🤖 AI Summary
This work addresses a critical limitation in existing generative reward models (GenRMs), which optimize solely for preference label accuracy while neglecting the consistency between generated rationales and reference judgments, leading to unreliable reasoning and degradation in RLHF policy performance. To mitigate this, we propose R-Align, the first approach that explicitly treats reasoning fidelity as a core evaluation dimension. R-Align introduces supervision from gold-standard judgments and enhances model reliability by explicitly aligning generated rationales with reference rationales. We design a rationale alignment loss and introduce a novel metric, Spurious Correctness (S-Corr), to quantify instances of misleadingly correct predictions. Experiments demonstrate that R-Align significantly reduces S-Corr, improves reasoning consistency across multiple reward modeling benchmarks, and consistently boosts downstream policy performance in STEM, programming, instruction following, and general-purpose tasks.
📝 Abstract
Reinforcement Learning from Human Feedback (RLHF) remains indispensable for aligning large language models (LLMs) in subjective domains. To enhance robustness, recent work shifts toward Generative Reward Models (GenRMs) that generate rationales before predicting preferences.

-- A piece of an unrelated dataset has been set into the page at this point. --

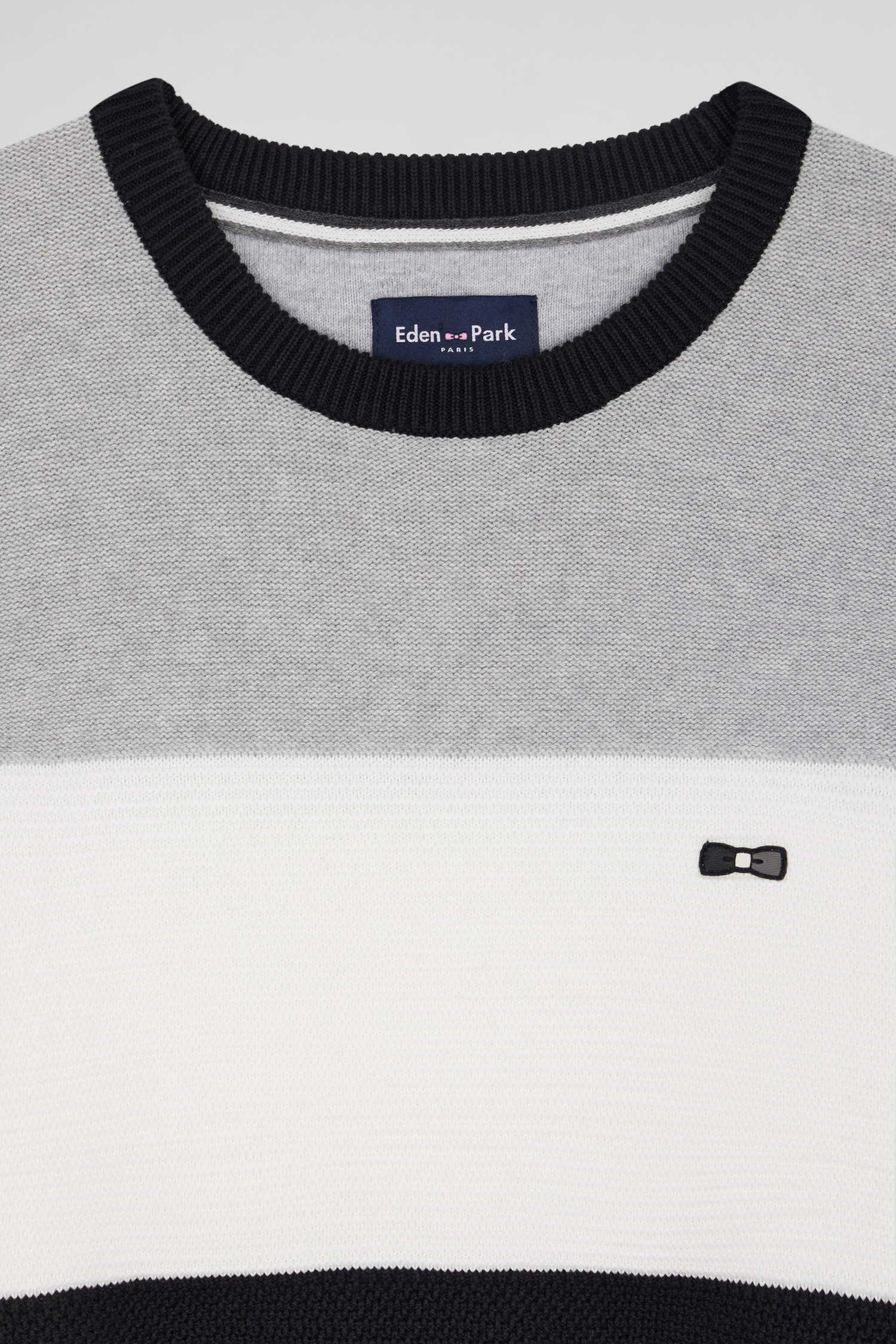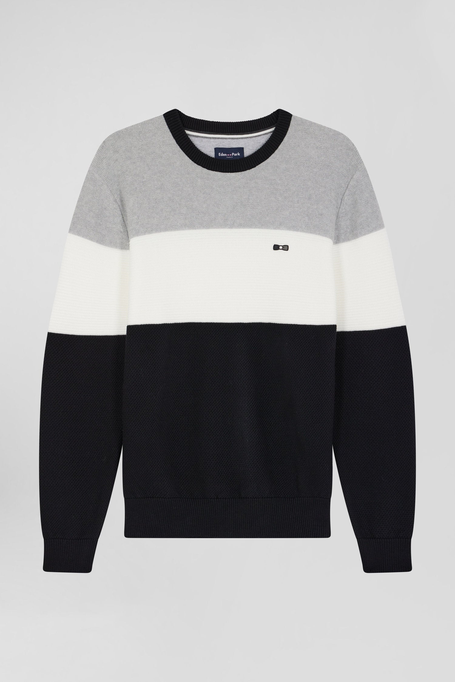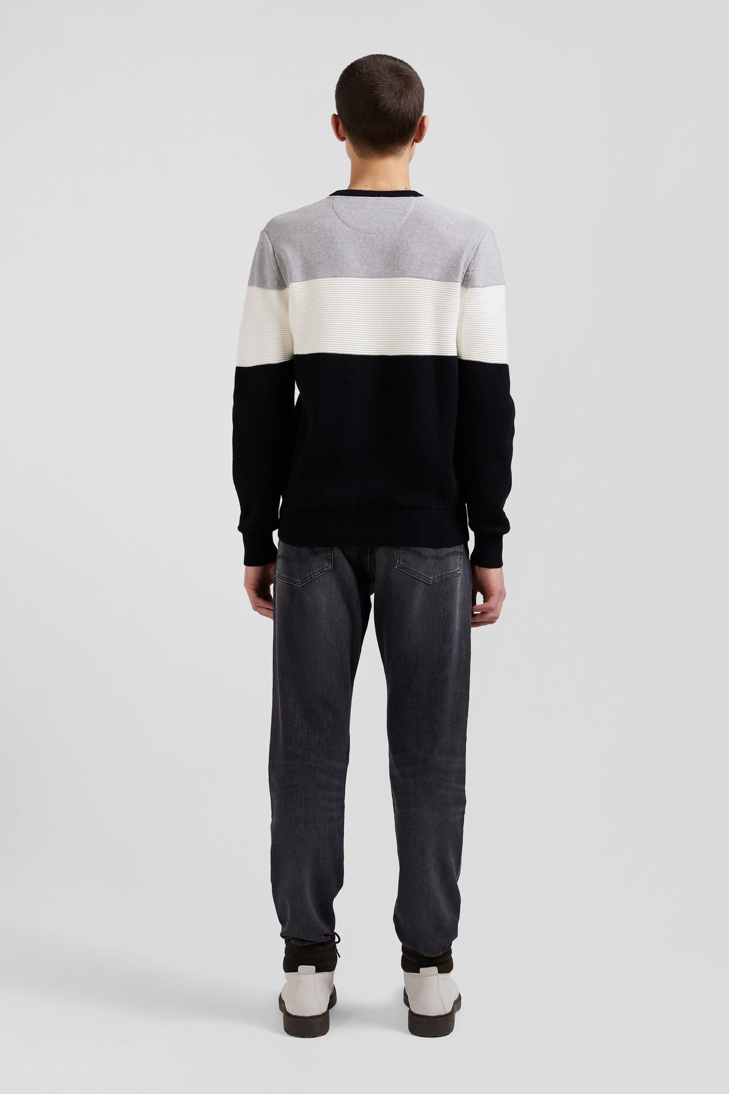 Pull col rond en coton gris et blanc à jeux de maille coupe Regular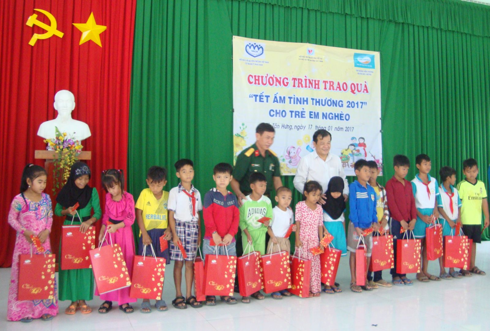 Ngày 17.1.2017, Hội Bảo vệ quyền trẻ em (cơ quan thường trực phía Nam) tổ chức tặng quà cho trẻ em nghèo, trẻ em dân tộc thiểu số có hoàn cảnh khó khăn trên địa bàn huyện Tân Châu.

Yet in GenRM training and evaluation, practice remains outcome-label-only, leaving reasoning quality unchecked. We show that reasoning fidelity-the consistency between a GenRM's preference decision and reference decision rationales-is highly predictive of downstream RLHF outcomes, beyond standard label accuracy. Specifically, we repurpose existing reward-model benchmarks to compute Spurious Correctness (S-Corr)-the fraction of label-correct decisions with rationales misaligned with golden judgments. Our empirical evaluation reveals substantial S-Corr even for competitive GenRMs, and higher S-Corr is associated with policy degeneration under optimization. To improve fidelity, we propose Rationale-Centric Alignment, R-Align, which augments training with gold judgments and explicitly supervises rationale alignment. R-Align reduces S-Corr on RM benchmarks and yields consistent gains in actor performance across STEM, coding, instruction following, and general tasks.